Samsung and LG have been Apple's main suppliers of OLED screens for the iPhone over the past several years. That said, the Cupertino giant has also built a partnership with display maker Beijing Oriental Electronics (BOE), who was supposed to get an order for around 30 million OLED panels for the iPhone 14. Previously, BOE only made display panels for refurbished iPhones.
According to a report from The Elec, the Chinese supplier could lose this lucrative contract due to going out of its way to pass Apple's strict quality control checks. Specifically, BOE was experiencing many defective units in early production runs, so it quietly altered the display design to improve the yield.
Unfortunately for BOE, Apple engineers were quick to notice the discrepancy. The former company increased the circuit width of the thin film transistors on the OLED panels, thus lowering the specifications that Apple had set for them. Following the incident, BOE sent an executive along with a few engineers to Apple's headquarters to explain its actions.

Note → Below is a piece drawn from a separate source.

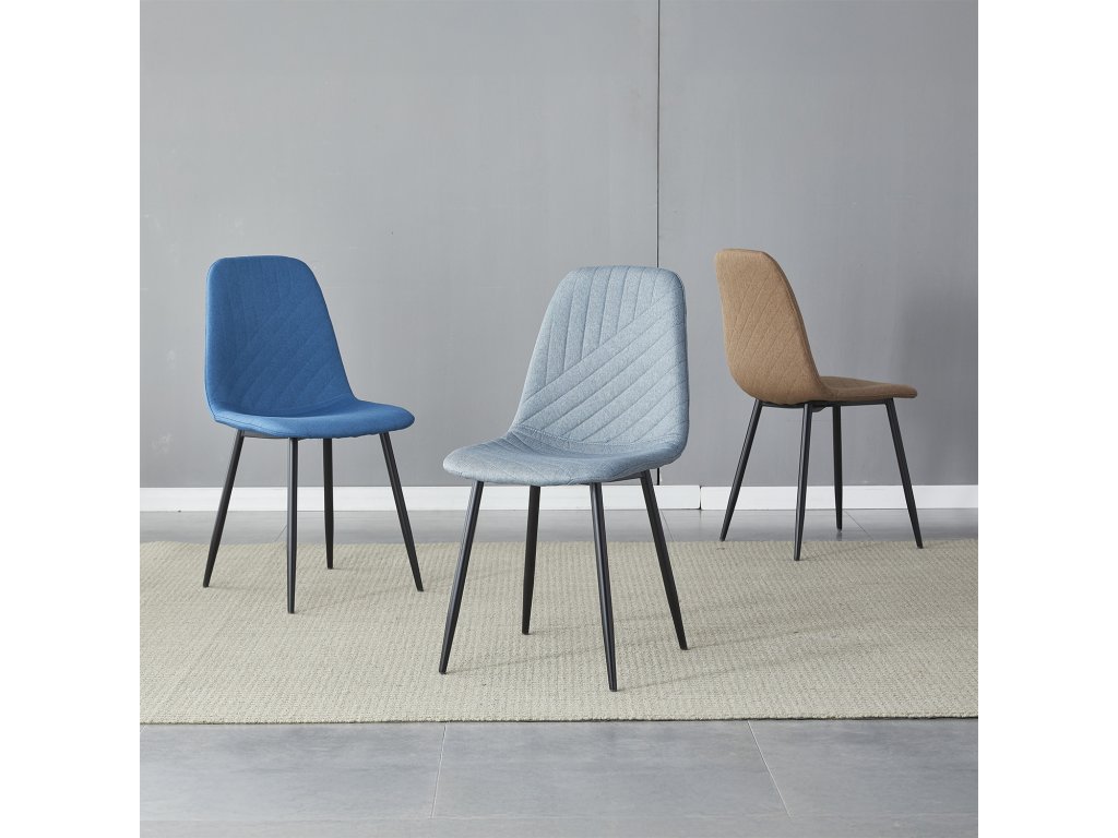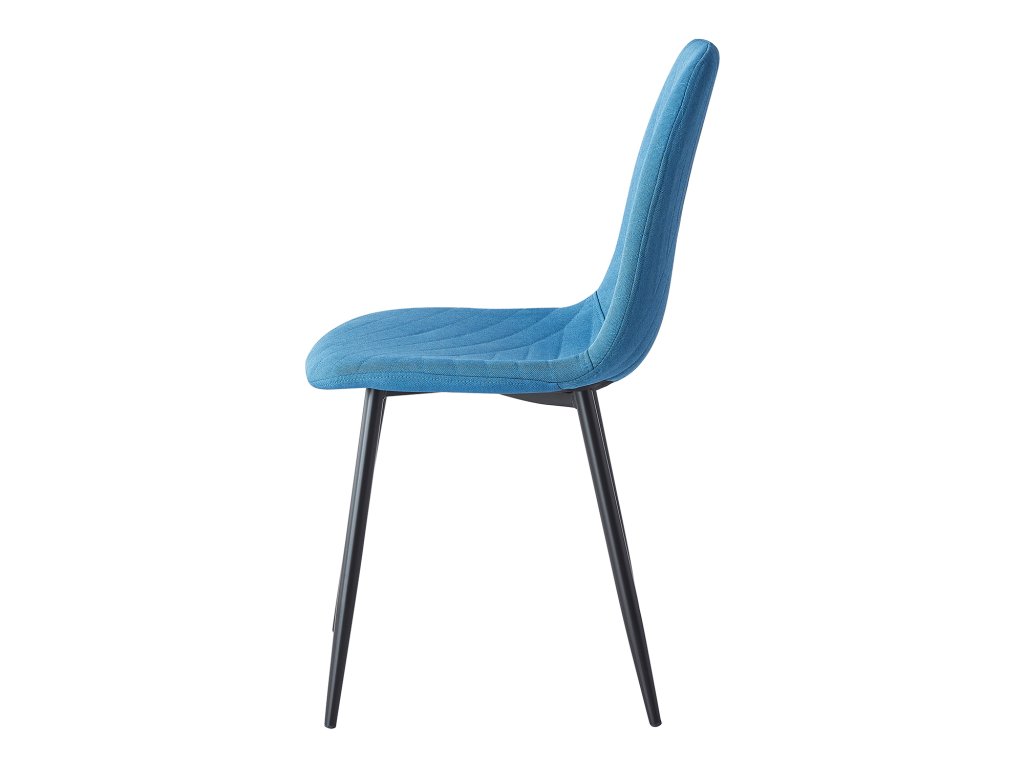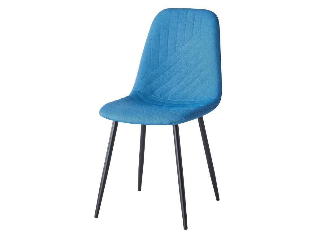 Textilní potah v modré barvě a kovová konstrukce zajišťují odolnost a snadnou údržbu. Výška sedu 47 cm je vhodná pro většinu jídelních stolů.
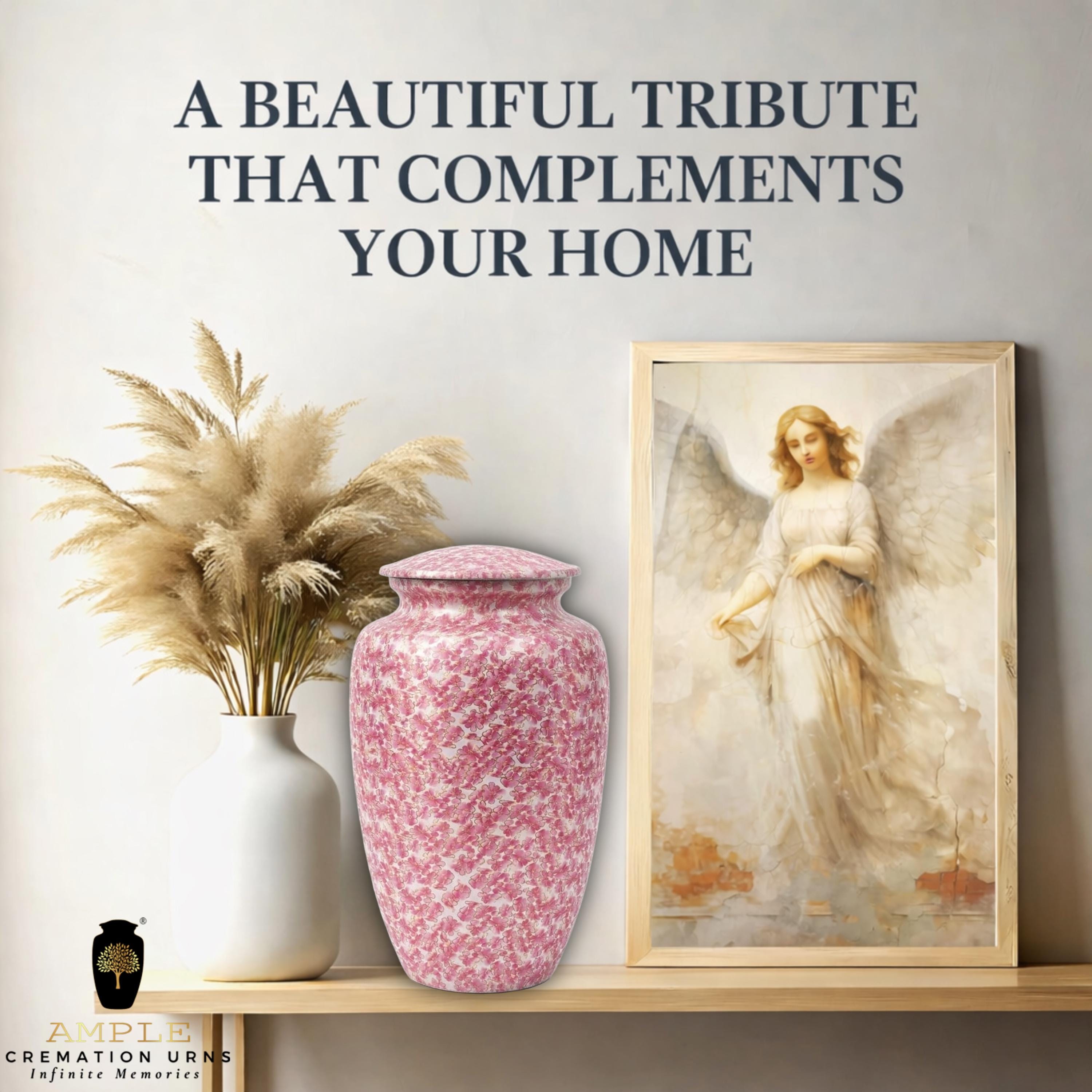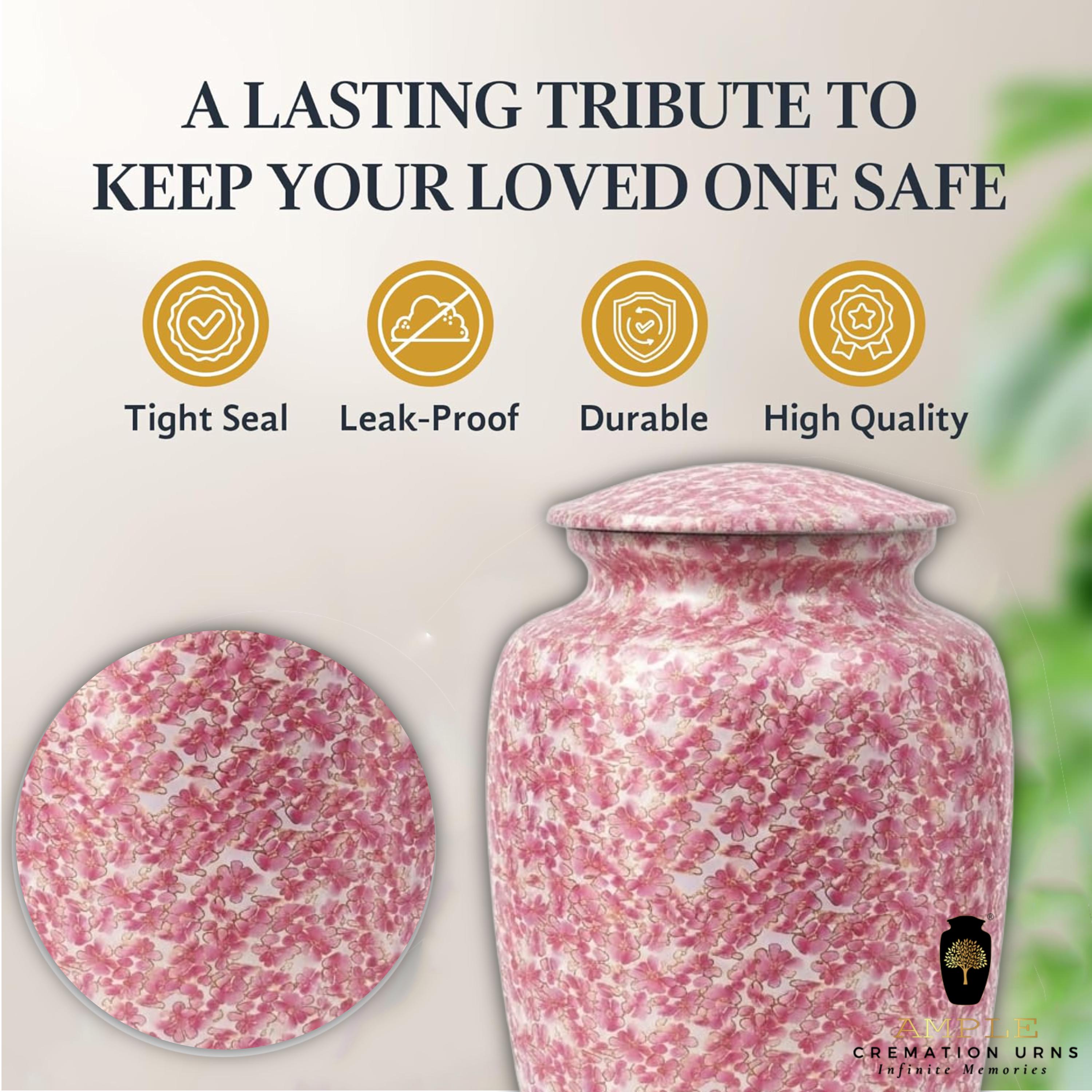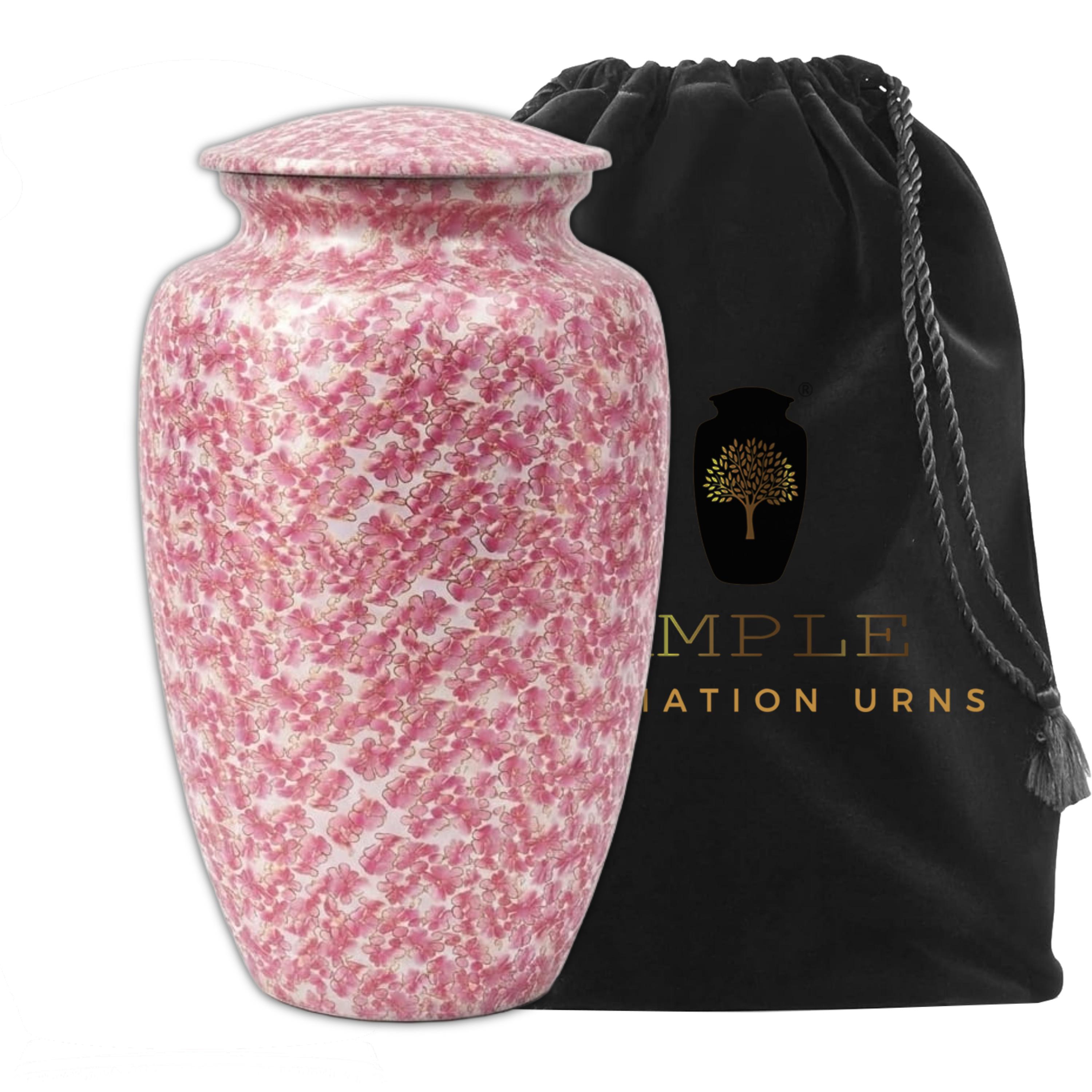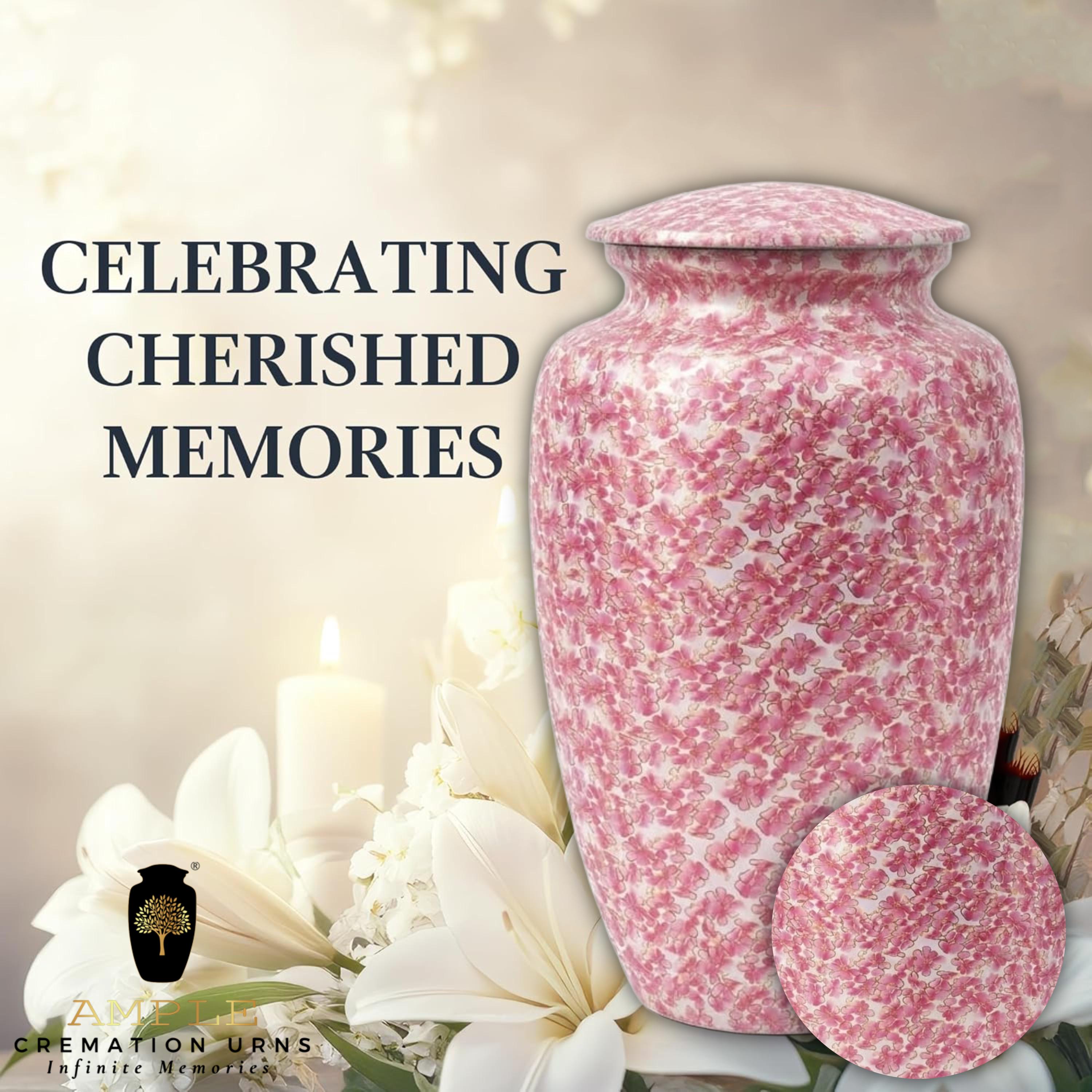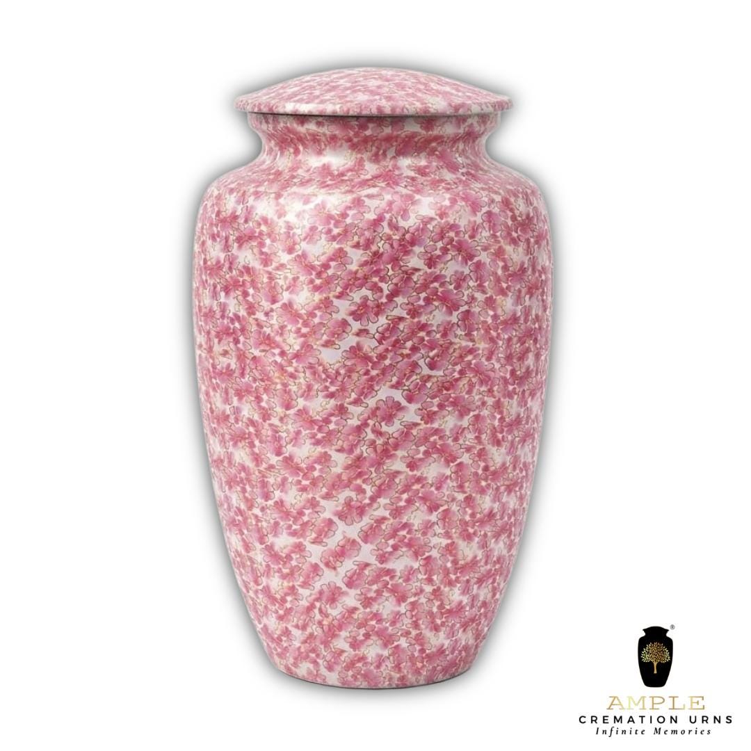 This exquisite vessel is adorned with a delicate, all-over pattern of blooming pink cherry blossoms, symbolizing the precious and fleeting nature of life. The soft pink and white floral details are accented with subtle gold outlines, creating a shimmering effect that evokes the peaceful atmosphere of a spring garden in full bloom. This urn serves as a gentle and elegant tribute for a loved one who appreciated the wonders of nature and the timeless beauty of flowers.

Apple is expected to start mass production of the upcoming iPhone as soon as next month, so BOE's decision to cheat when demonstrating its manufacturing capabilities could prompt Apple to place the order for 30 million iPhone 14 OLED panels with Samsung and LG instead. It also doesn't help that BOE has been struggling to secure enough display drivers and power management chips for such a tall order.
In the meantime, Apple is reportedly exploring ways to expand manufacturing outside of China in an effort to diversify production and create a more resilient supply chain. The company is considering alternative production hubs in countries like India and Vietnam, where suppliers such as Foxconn, Wistron, and Pegatron have been building new facilities.